Emotional Intelligence

There are dozens of management theories about what makes a great leader great.

If we can learn something from each of these, then surely that helps our own development towards becoming a better leader.

The concept of “social intelligence” has been around since the 1920s, but it wasn’t until 1995, when Daniel Goleman wrote “Emotional Intelligence”, that this theory was applied to leadership and organisational performance.

Emotional intelligence grabbed the headlines as the scientific evidence quoted by Goleman suggested that only 20% of a leader’s success is down to IQ with the rest down to EQ (as emotional intelligence is often called).

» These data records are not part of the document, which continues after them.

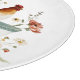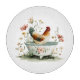 Den här vita vattenfärgsparningen har en kyckling som är kapslad i en blommigt skål och ett regalt tupp på ett vitt betesstaket, som var och en omges av vibrerande blomningar. Kycklingens röda komb och fläckiga fjädrar kontrasterar på ett lekfullt sätt med mjuka daisy och vilda blommor, medan tupp:s plåga och grönt svan uppmärksammar foxglovar och varmtonade blommar. Tillsammans blandar de rustik charm och storybook i en mysigt, naturkyld sammansättning.
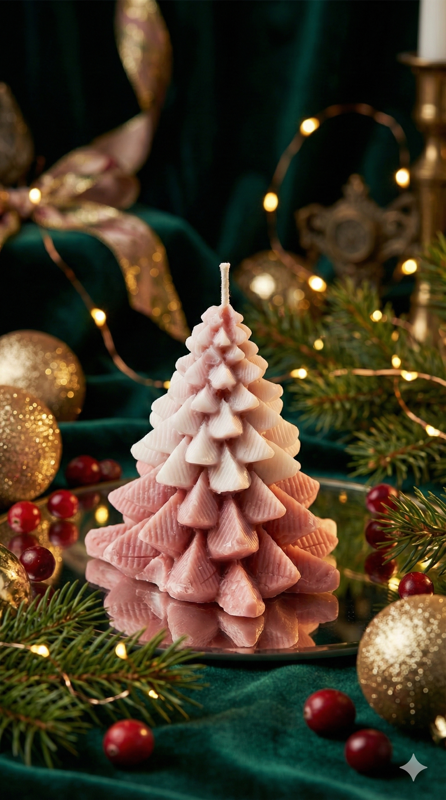 Pink-to-white ombré tree candle that adds a soft, dreamy touch to your Christmas décor.
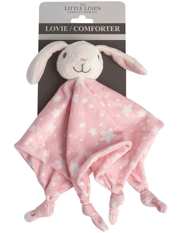 The Little Linen Company beautiful plush character Lovie (lovey), Comforter, Nunu, Doudou are great companions for your little one no matter what you call them! (expert tip is always making sure you have extra for when in the washed or misplaced)
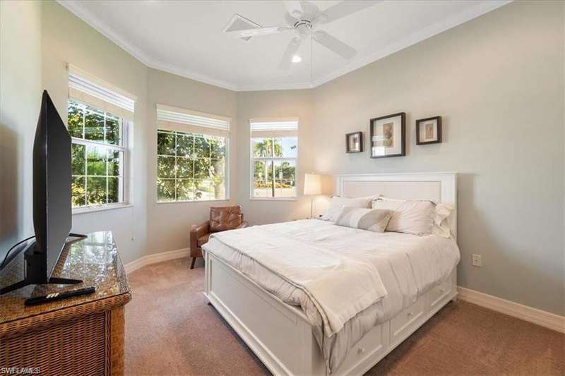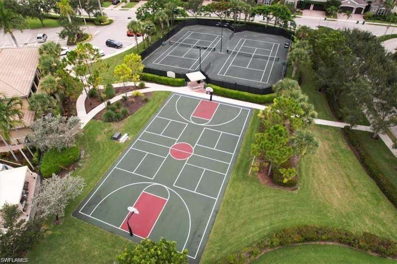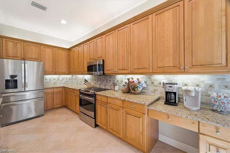 This beautiful home is available for November & December of 2025! Also, available for May through the rest of 2026! Spare no detail with this 3 + Den, 3 Bathroom in the highly sought after Marbella Lakes. Beautiful tile and wallpaper all throughout. Enjoy your morning coffee in the south facing screened lanai. The home is directly across the street from all the amenities. Marbella Lakes is a manned gated community that features indoor and outdoor basketball courts, indoor and outdoor pickleball courts, two Har-Tru tennis courts, gym, resort-style pool, children's pool and play area.
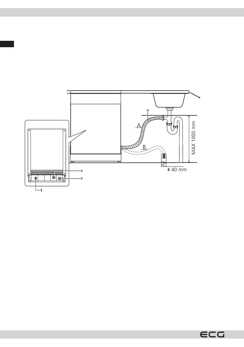 Der Anschluss des Ablaufschlauches muss maximal 1000 mm über dem Boden der Spülmaschine liegen.
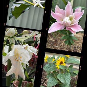 南の国の友人からのpicです。 ↖️左上 コーヒーの花☕️🤍🌿 ↙️左下 ブリスベンリリー🤍🌿 ↗️右上 八重咲きユリ💗🌿 ↘️右下 ミニヒマワリ🌻 今年はこの他マンゴー🥭の実がたわわに実っているようです。 🍋🌱🍋
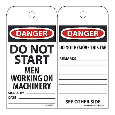 NMC RPT6AST Danger Do Not Start Men Working On Machinery Tag
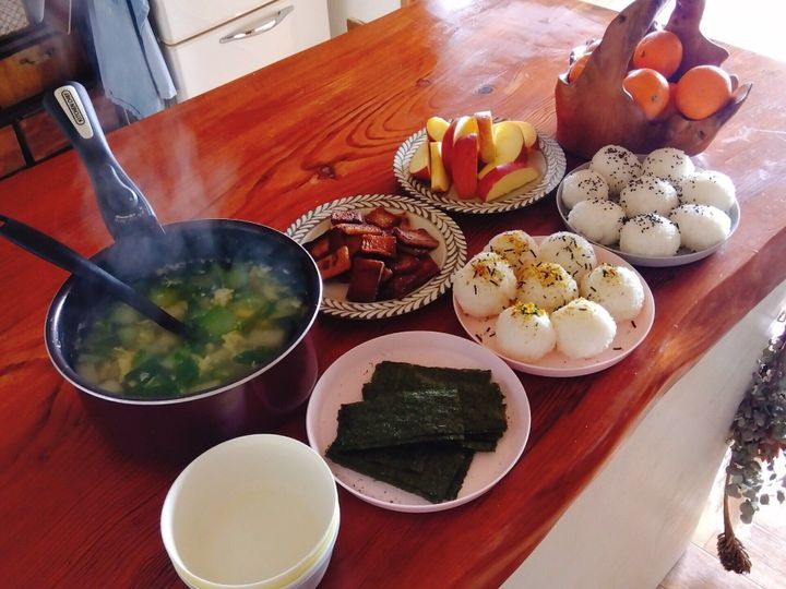 同じように、家族みんながそろう休日で「今日はダラダラする」と決めた日は、予め冷めてもおいしいおにぎりやおかずをテーブルに並べて、各自が食べたいタイミングで食べられるよう準備をしています。
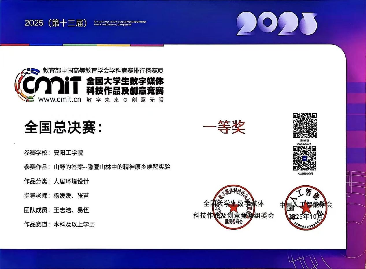 王志浩、易伍作品《山野的答案--隐匿山林中的精神原乡唤醒实验》荣获人居环境设计类全国一等奖杜思妍雷钊作品《巷弄新生:从旧时光中长出新力量》荣获人居环境设计类全国等奖王志浩作品《湖山凝境--基于湖山共生的生态型文化博物馆》荣获人居环境设计类全国等奖。本届大赛由中国人工智能学会、全国老员工数字媒体科技作品及创意竞赛组委会主办,哈尔滨工业大学承办,共有1187所高校的50余万名员工参与,征集作品总数超过17万件。
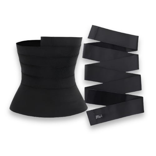 Enrolar a cinta diversas vezes em seu abdômen até que esteja completamente comprimida, para afinar e modelar a cintura, usando o velcro para fixar a cinta no local desejado!
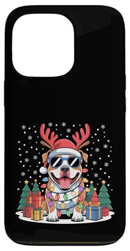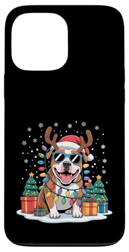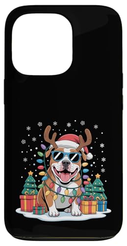Drôle Père Noël Pitbull Renne Lumineux pour Les Amoureux des Chiens Coque pour iPhone 13
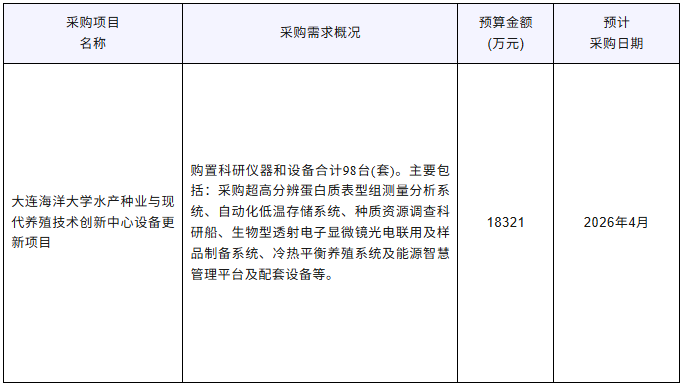 近期,大連海洋大學發布多項儀器采購意向,采購預算金額18321萬元,涉及儀器設備包括超高分辨蛋白質表型組測量分析系統、自動化低溫存儲系統、種質資源調查科研船、生物型透射電子顯微鏡光電聯用及樣品制備系統、冷熱平衡養殖系統及能源智慧管理平臺及配套設備等。預計采購時間2026年4月。

People high on emotional intelligence demonstrate a number of characteristics….
  1. They’re articulate and engaging…
  2. They’re good team players…
  3. They create positive work climates… It has been reported that Fred Goodwin, the ex CEO of RBS, was authoritarian and cultivated a climate of fear in the corridors of his Edinburgh HQ. Authoritarianism is the antithesis of emotional intelligence….
  4. They know themselves well…
  5. They’re good at coping…
  6. They’re responsive and empathic…
  7. They are very self controlled…
Some of these characteristics are deep seated and hard to develop – such as an ability to deal with stress – but the starting point in developing emotional intelligence is through increasing self awareness.

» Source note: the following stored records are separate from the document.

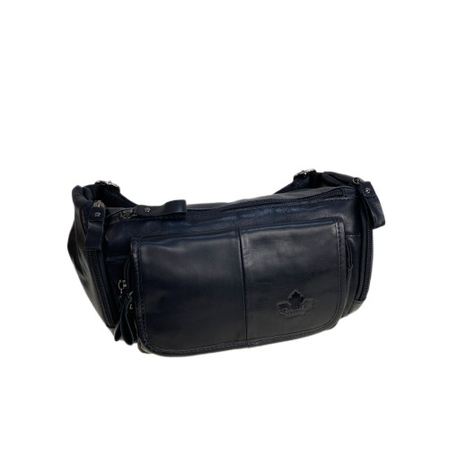 Сумка на пояс из натуральной кожи удобно носится на поясе, через туловище или через плечо, является практичной, компактной и легкой, поэтому удобна для повседневной носки, спорта или путешествий. Основное отделение застегивается на молнию, внутри карман на молнии. Снаружи, на передней стенке под клапаном два кармана на молнии. На задней стенке карман на молнии. В комплекте текстильный плечевой ремень.
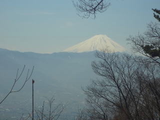 | P905。木立の間に白く輝く南アルプスの山が見える。 |
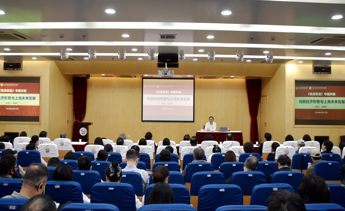 4月19日,为进一步促进党外知识分子拓宽国际视野、提升综合能力,了解国情市情,《统战杏语》讲座邀请上海市政府参事、民建上海市委原专职副主委张兆安作“当前经济形势与上海未来发展”专题辅导,讲座在龙华医院举办。张兆安通过详实的数据和鲜活的案例,深入浅出地带来一场生动、高效、务实的经济分享大课。他从国际视野、国内实际、上海未来发展面临的机遇与挑战等方面,解读了当前经济形势及上海未来发展趋势,对上海推进“三大任务”、强化“四大功能”、建设“五个中心”、发展“五型经济”、构建空间布局等战略任务进行了详细分析。并就如何发展新质生产力,推动中医药高质量发展,提出了“三个寻找”建议,即寻找国家战略中的中医药元素、寻找上海未来发展中的BEAT365英国官网的任务、寻找“优势更优、特色更特、长板更长”。报告思想深刻、内涵丰富、视角新颖、观点独到,对大家从宏观上把握国内外经济发展趋势、深入了解上海未来经济发展规划具有很好的启发和帮助。
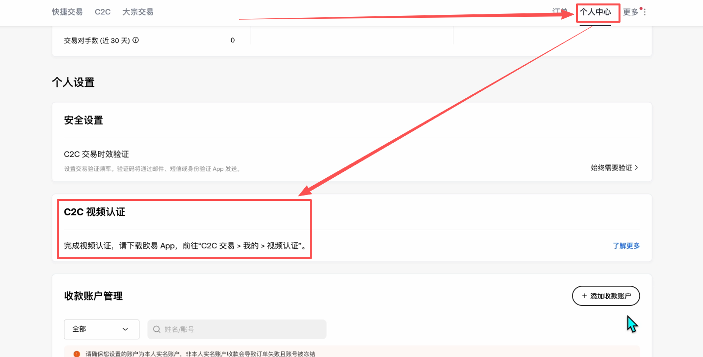 进来之后点击右上角的【个人中心】,这里可以看到“C2C视频认证”,开通了这个视频认证之后,我们能够匹配到一些更好的C2C的买卖商家。因为这些商家们他们有的会要求他的对手方必须进行视频认证,所以我们完成了它,就能够让我们获得更好的入金和出金的报价,这个也是实打实的利益。

Research by the Centre for Creative Leadership has found that the primary causes of derailment in leaders are those low in emotional intelligence, particularly in handling change, not being able to work well in a team and poor interpersonal relations.

What examples have you of working with emotional intelligent leaders? Do you agree that EQ beats IQ hands down every time? Which of the EQ characteristics do you think is most important?